Instructions for the task: The full listing, minus its pictures, should be printed again exactly as it stands.

Given material:
+++

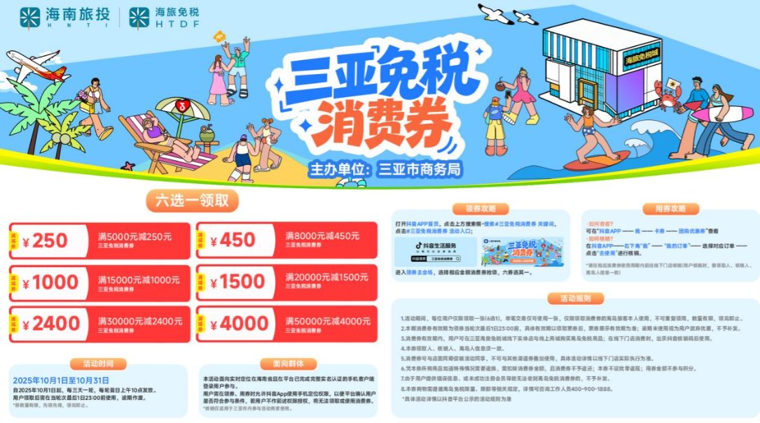 海旅免税积极响应政府惠民政策,打通线上线下渠道,精准触达目标消费者。假期持续发放免税全品类政府消费券与黄金专属消费券,通过“政府消费券+门店满减/限时折扣/多倍积分/爆款秒杀”等优惠组合活动,以及推出银行支付立减活动,有效激发免税市场消费活力。
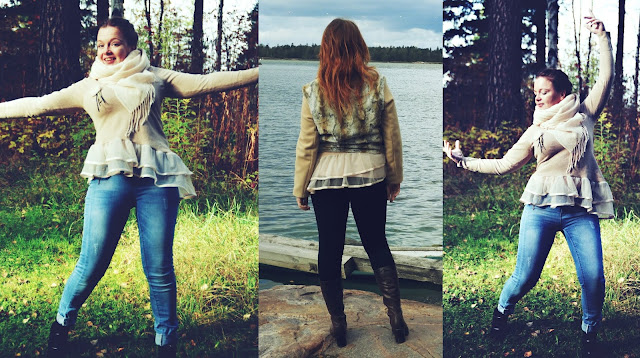 Yksi iso syy miksi paita on minun lempparini on se, että sen voi yhdistää minkä kanssa tahansa. Kuvissa näkee kaksi tapaa miten yhdistän tämän paidan kaikkein eniten. Kuvissa näkyy myös lempifarkkuni, leggarini sekä takkini. Valitettavasti toista takkia ei tähän postaukseen tullut, jota käytän lähes aina syksyisin ja keväisin. Ehkä siitä pitää tehdä oma postaus tähän lempivaate -kampanjan tiimoilla.
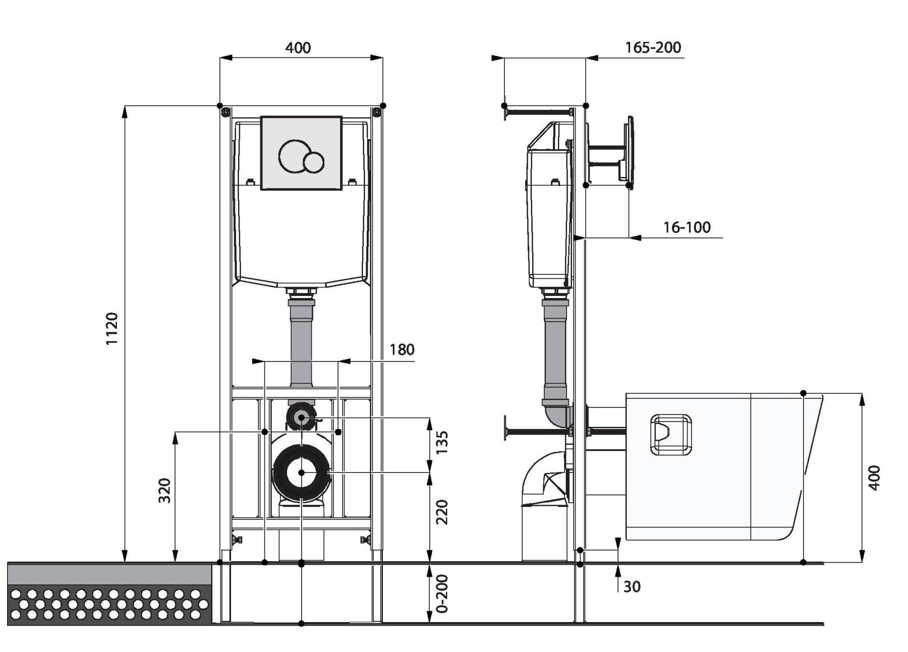 - Габариты инсталляции (ДШВ): 20x40x112 см.
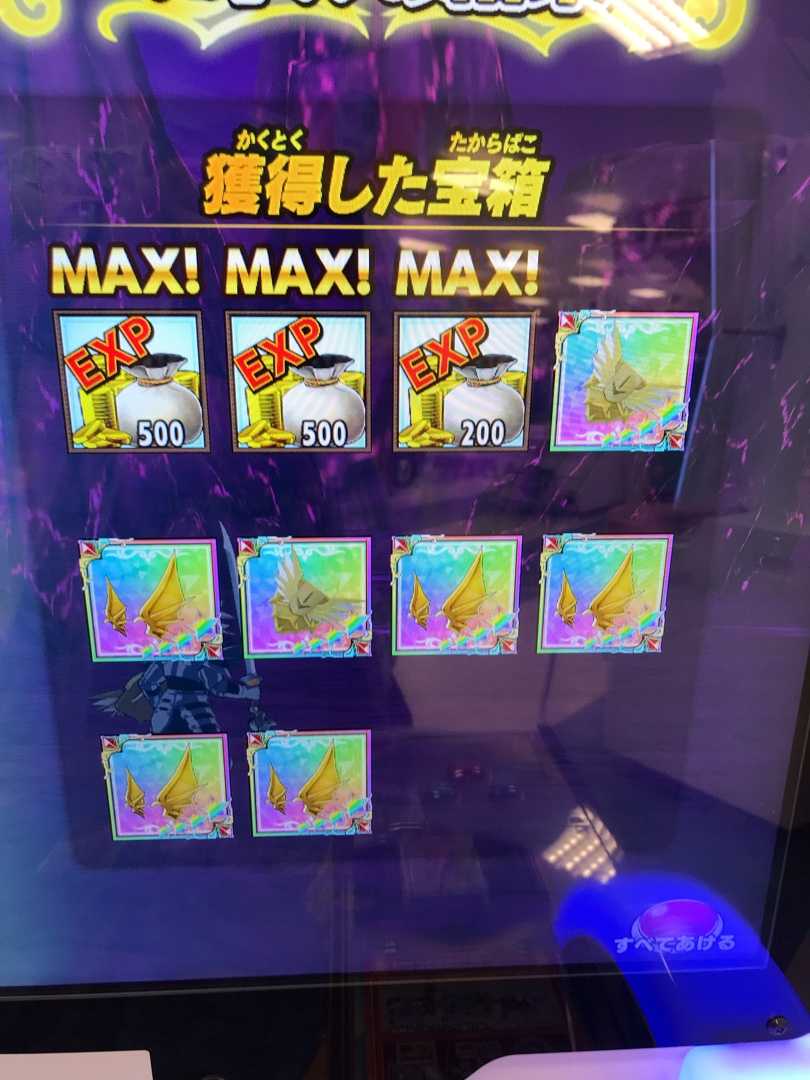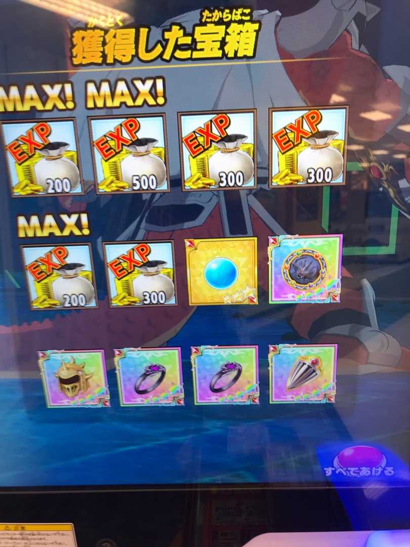 クロスブレイド 超越魔王の頭飾りもMAXになりました。 強敵ボス・ギガつよのように、虹箱が確定しているステージでは、追い銭は力を発揮しますね^_^

+++

Solution below:
 海旅免税积极响应政府惠民政策,打通线上线下渠道,精准触达目标消费者。假期持续发放免税全品类政府消费券与黄金专属消费券,通过“政府消费券+门店满减/限时折扣/多倍积分/爆款秒杀”等优惠组合活动,以及推出银行支付立减活动,有效激发免税市场消费活力。
 Yksi iso syy miksi paita on minun lempparini on se, että sen voi yhdistää minkä kanssa tahansa. Kuvissa näkee kaksi tapaa miten yhdistän tämän paidan kaikkein eniten. Kuvissa näkyy myös lempifarkkuni, leggarini sekä takkini. Valitettavasti toista takkia ei tähän postaukseen tullut, jota käytän lähes aina syksyisin ja keväisin. Ehkä siitä pitää tehdä oma postaus tähän lempivaate -kampanjan tiimoilla.
 - Габариты инсталляции (ДШВ): 20x40x112 см.
 クロスブレイド 超越魔王の頭飾りもMAXになりました。 強敵ボス・ギガつよのように、虹箱が確定しているステージでは、追い銭は力を発揮しますね^_^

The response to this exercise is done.